Fig. 4: PRP/HSR switch architecture.
This SoC FPGA features a dual-core ARM Cortex-A9 processor operating at 800 MHz, and flash, RAM, caches, GPIO, and communications ports commonly used in smart grid systems. The FPGA fabric provides smart-grid developers a variety of benefits, while affords opportunities for integration, performance acceleration, and upgradeability.

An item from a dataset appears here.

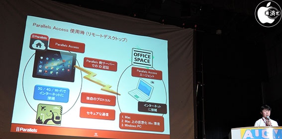 また、リモートアクセスツール「Parallels Access 2.5.1」で、東京にあるMacBook Pro上のアプリケーションを操作するデモを行なっていました。

Reliability, performance, and time to market
Today's FPGAs and SoCs possess several qualities that help enhance smart grid equipment reliability. High levels of integration reduce the number of components required, thereby enhancing MBTF/FIT rate performance. Features like error correction code (ECC) memory coverage and the use of multiple processors help to insure reliable operation. Some configurations implement a small RISC core within the FPGA fabric, while others simply lock down the level-1 cache of one of the two ARM Cortex-A9 processor cores and employ the dedicated core for diagnostic purposes.
Twenty-eight-nanometer low-power, low-cost SoCs deliver up to 4,000 MIPS performance from the dual-core Cortex-A9 CPU. A NEON coprocessor with double-precision floating point accompanies each core. Each processor includes 32 Kbytes of L1 coherent cache and the cores share 512 Kbytes of L2 cache. Applications that require real-time computational capability often implement hardware acceleration in the FPGA fabric.
An FPGA helps support customer's time to market requirements by available industry-standard CPU cores, state-of-the-art development tools, off-the-shelf IP
Maintainability and longevity
Providing solutions for products that have long product life cycles goes beyond reliability and a commitment to provide the solution for the life of the product. The ability to reconfigure and upgrade products, in production or in the field, is critical, particularly as standards evolve over time. FPGAs help mitigate this problem by providing scalability and reconfigurability to implement product updates that go beyond a simple software change.